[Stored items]
*** Begin section ***

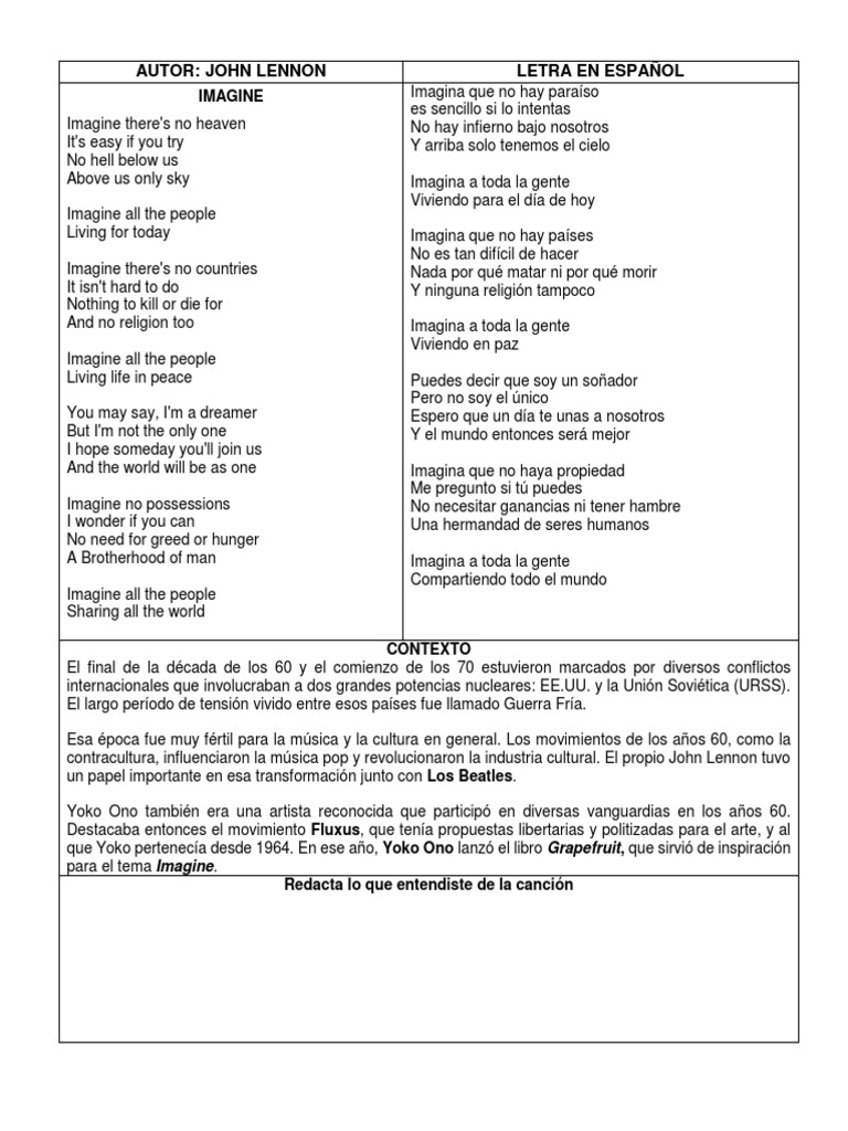 Imagine John Lennon Letra : It's easy if you try.
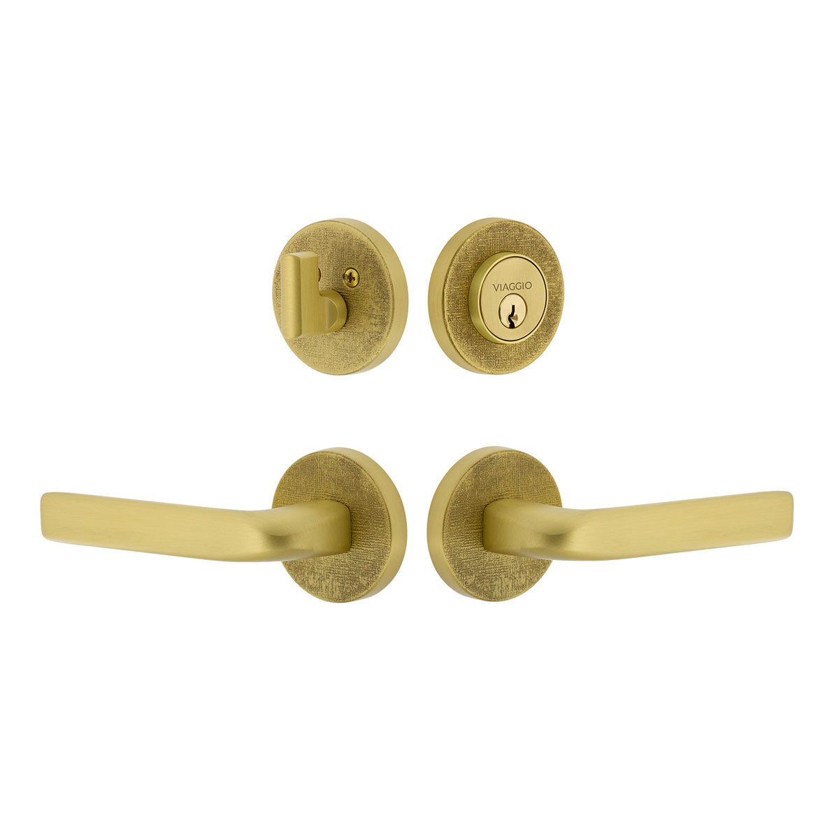 Circolo Linen Rosette Entry Set with Bella Lever in Satin Brass
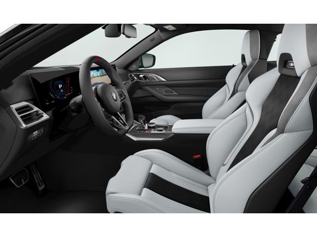 Black Sapphire Metallic 2026 BMW M4 Competition AWD 8-Speed Automatic Sport 3.0L I6 Turbocharged DOHC 24V LEV3-ULEV70 523hp 16 Speakers, 4-Wheel Disc Brakes, ABS brakes, Adaptive suspension, Air Conditioning, Alloy wheels, AM/FM radio: SiriusXM with 360L, Apple CarPlay and Android Auto Compatibility, Audio memory, Auto High-beam Headlights, Auto-dimming door mirrors, Auto-dimming Rear-View mirror, Automatic temperature control, BMW Assist ECall, BMW TeleServices, Brake assist, Bumpers: body-color, Carbon Fiber Trim, Compass, Connected Package Pro Limited Term, ConnectedDrive Services, Delay-off headlights, Distance Control Assist (DCA) with Steering Assistant, Driver door bin, Driver vanity mirror, Driving Assistance Professional Package, Driving Assistant Professional, Dual front impact airbags, Dual front side impact airbags, Electronic Stability Control, Emergency communication system: BMW Assist eCall, Executive Package, Exterior Parking Camera Rear, Four wheel independent suspension, Front anti-roll bar, Front Bucket Seats, Front Center Armrest, Front dual zone A/C, Front reading lights, Front Ventilated Seats, Fully automatic headlights, Galvanic Controls, Garage door transmitter, Harman/Kardon Surround Sound System, harman/kardon® Speakers, Heated door mirrors, Heated Front Seats, Heated front seats, Heated steering wheel, HVAC memory, Illuminated entry, Knee airbag, Leather Shift Knob, Leather steering wheel, Live Cockpit Pro with Navigation, Low tire pressure warning, Lumbar Support, M Compound Brakes with Black Calipers, M Shadowline Lights, M Sport Seats, Memory seat, Navigation, Navigation System, Occupant sensing airbag, Outside temperature display, Overhead airbag, Overhead console, Panic alarm, Parking Assistance Package, Parking Assistant Plus, Parking View with 3D View (Surround View), Partial Automated Driving, Passenger door bin, Passenger vanity mirror, Personal ESIM 5G, Power door mirrors, Power driver seat, Power Front Seats, Power passenger seat, Power steering, Power windows, Radio data system, Radio: AM/FM Audio System, Rain sensing wipers, Rear anti-roll bar, Rear reading lights, Rear seat center armrest, Rear window defroster, Remote Engine Start, Remote keyless entry, Security system, SiriusXM with 360L and 1 Year Trial Subscription, Speed control, Speed-sensing steering, Speed-Sensitive Wipers, Split folding rear seat, Spoiler, Sport steering wheel, Steering wheel mounted audio controls, Tachometer, Telescoping steering wheel, Tilt steering wheel, Traction control, Traffic Jam Assistant, Trip computer, Turn signal indicator mirrors, Variably intermittent wipers, Wheels: 19 x 9.5 Front/20 x 10.5 Rear (style 826M), Widescreen Display.
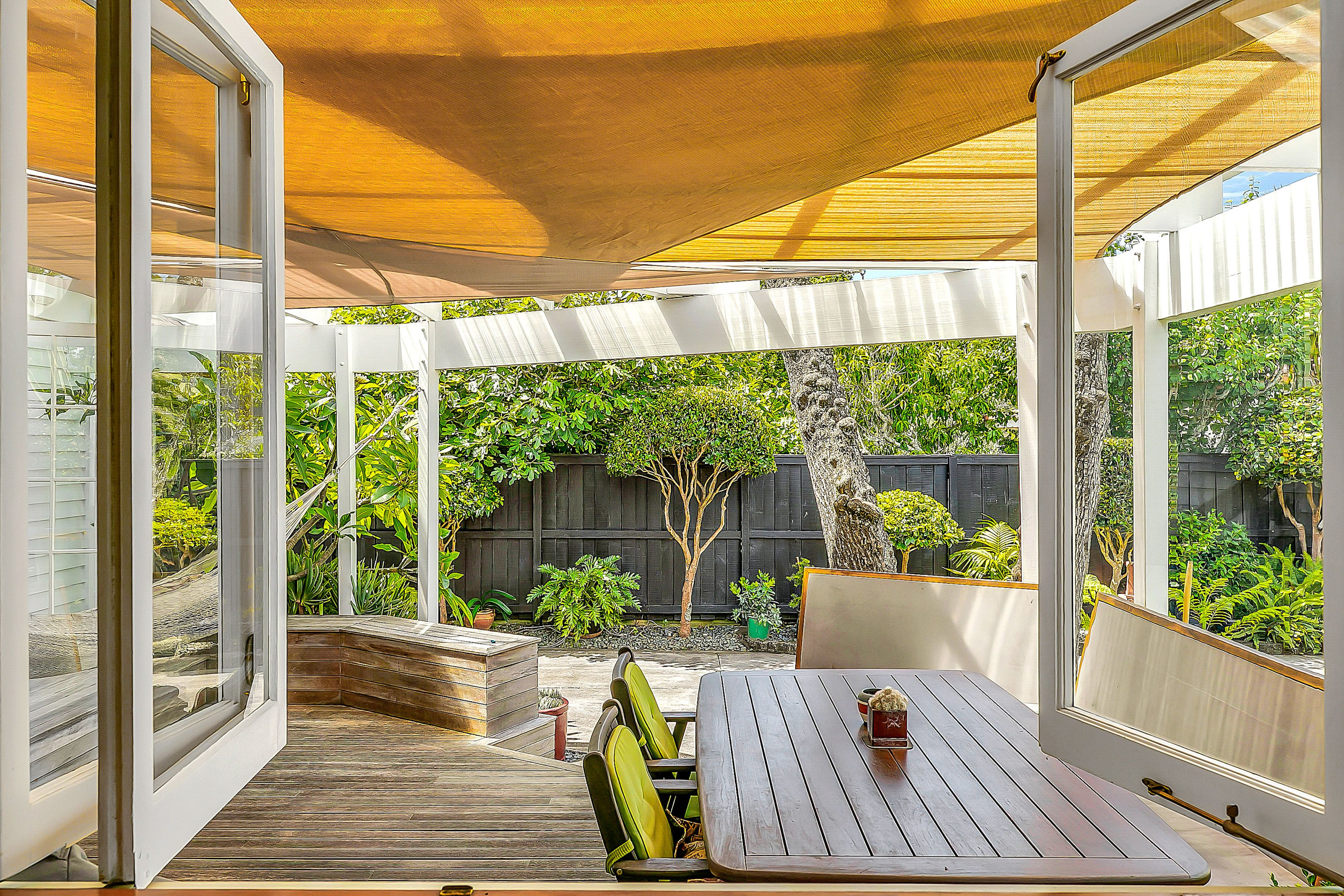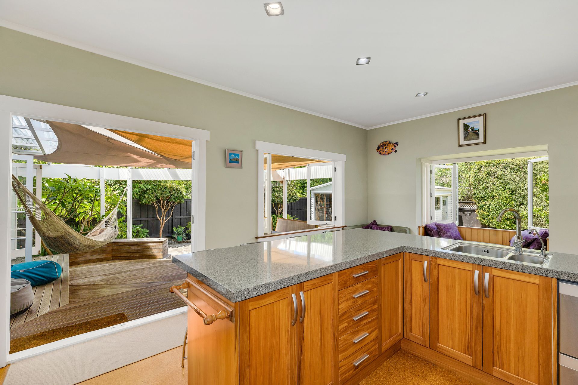 On the lower level are two double bedrooms, a bathroom and the expansive living zone. Anchored by gorgeous polished wood floors, the open plan kitchen, dining and living opens to covered terraced decking for endless summer barbecues while the kids play cricket on the flat lawn.
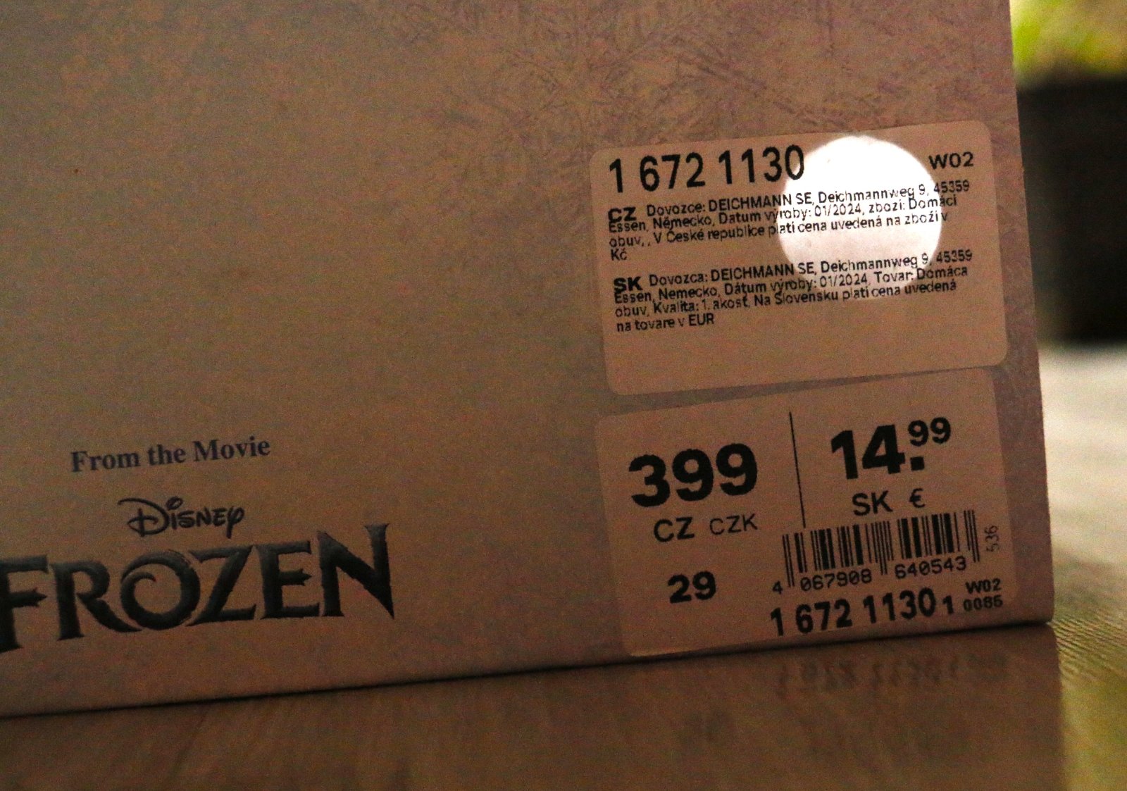 Nové- krásne, bledomodré, trblietavé papučky Frozen/ Elza. Veľkosť 29
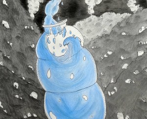 What I drew was a very colorful plastic bottle water being filled with water, surrounded by plastic mounds and smoke billowing into the darkened sky. This was to better represent the waste and environmental hazard that is used to make bottled water and how the manufacturers cover up their crimes. The plastic bottled water is the only thing in color, referencing how companies only focus on their products and not on the waste produced. Hatching is making lines close together to have a shaded effect on your piece. The hatching on the bottled water helps make it stand out more compared to the rest of the piece. I also used line weight, which is to use different sized ink pens to give a sense of depth. While the colored pencils were used on the water, the graphite was used on the sky and background.”
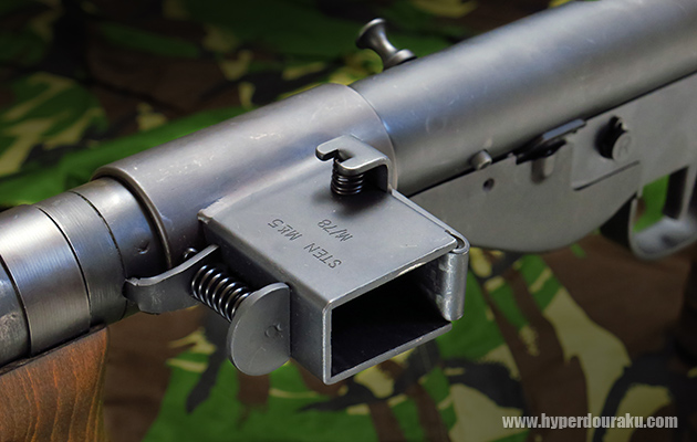 ステンの発射方式はオープンボルト式で、弾薬は新規開発せず、ドイツ軍と共通の9mmパラベラム拳銃弾を使用します。
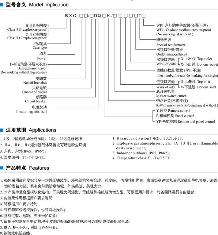 BXQ68系列防爆動(dòng)力(電磁起動(dòng))配電箱
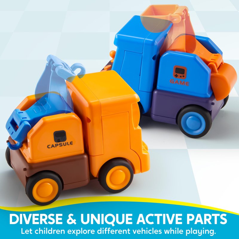 - Adorable Construction Vehicles: The set includes four cute construction vehicles—dump truck, trailer, cement mixer, and excavator—each with a unique expression to captivate young minds
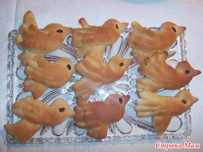 Из куска хорошо выбродившего теста раскатывается валик, нарезается на куски массой примерно 100 г. Затем раскатываются жгуты, так, чтобы один конец был тонким и гибким — головка, а все тело потолще, удлиненное, его надо слегка примять пальцами. завязываются узлом, головке придается соответствующая форма.
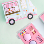I scream, you scream, we all scream for ice cream! This set features two sugar and vanilla cream scented bath balms, lip gloss, hair clips, and a fun hair tie! Ingredients - Sodium Bicarbonate, Citric Acid, Avocado Oil, Tea Tree Essential Oil, Sweet Orange Essential Oil, Fragrance, Coloreze. Surprise - Lip Gloss, Hair Tie, Hair Clip inside.
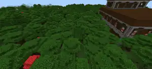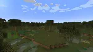 This biome is mainly composed of dark oak trees, which create a mostly closed roof of leaves. Oak trees, birch trees, and huge mushrooms can also be found occasionally, and the ground is covered with leaf litter. Trees in this forest are so densely packed that some areas are dark enough for hostile mobs to spawn, even during the day. On rare occasions, a woodland mansion may generate. |
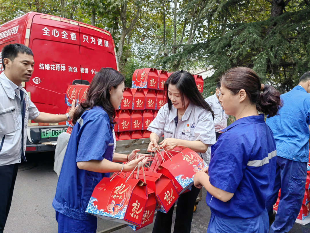 金秋送爽,丹桂飄香。隨著中秋、國慶雙節(jié)的臨近,集團公司工會為全體員工精心挑選了傳統(tǒng)的手工月餅禮盒發(fā)放到各部門,并由各部門分會下發(fā)到員工手中。
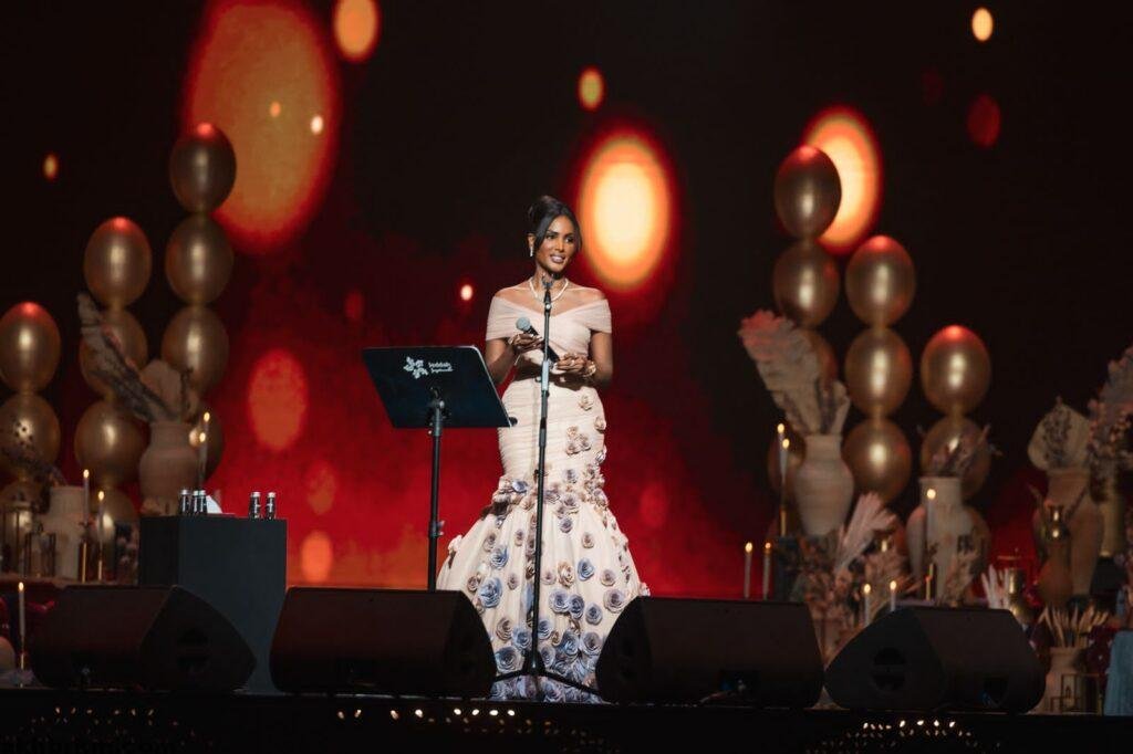 انطلقت السهرة الفنية بفقرة تهاني السلطان، التي ألهبت حماس الحضور في أول حفل لها بمدينة جدة، وسط تفاعل كبير وتصفيق متواصل من الجمهور الذي استقبلها بحرارة.
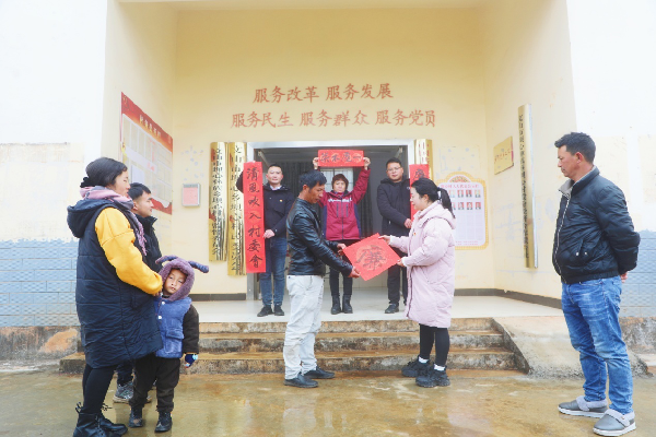 “清風吹入村委會、廉潔走進群眾家”“多辦村民急難事、不貪群眾一分錢”。文山市紀委監委在春節來臨之際,根據全市152個村委會(社區)黨風廉政建設不同情況送上相對應的廉潔春聯,祝愿村委會(社區)守住廉潔的前沿陣地和第一道防線。圖為該市紀檢監察干部在壩心鄉壩心村送春“廉”的場景。(王銘堅 攝)
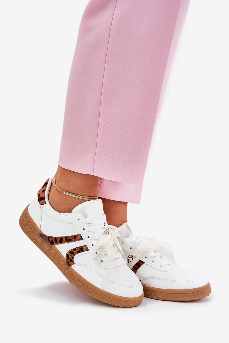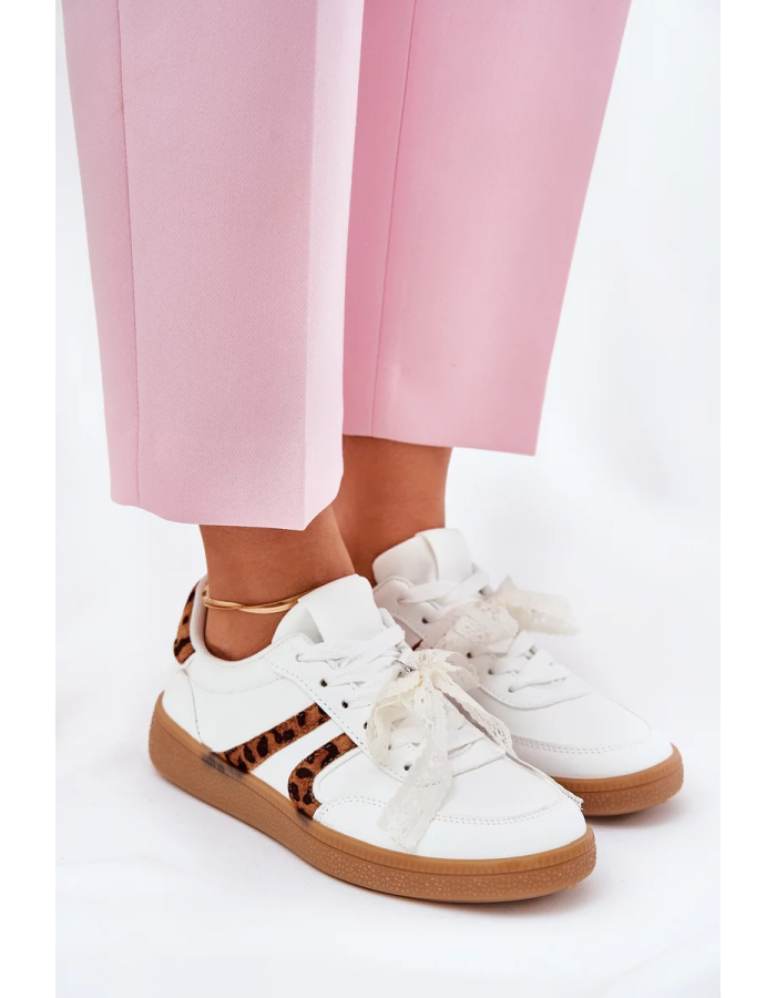 Dámské nízké sneakersy Zielle v bílém provedení zaujmou originální kombinací jemné krajky a výrazného leopardího vzoru. Tento kontrast dodává obuvi ženský, ale zároveň moderní charakter. Nízký střih zajišťuje pohodlí a volnost pohybu, zatímco světlý základ umožňuje snadné kombinování s každodenními i výraznějšími outfity.

*** End section ***

▶ [YOUR TASK]:
Beginning with the first line of the records and ending with the line that contains "Circolo Linen Rosette", reproduce every line exactly, omitting pictures and adding nothing.

▶ [TASK OUTPUT]:
 Imagine John Lennon Letra : It's easy if you try.
 Circolo Linen Rosette Entry Set with Bella Lever in Satin Brass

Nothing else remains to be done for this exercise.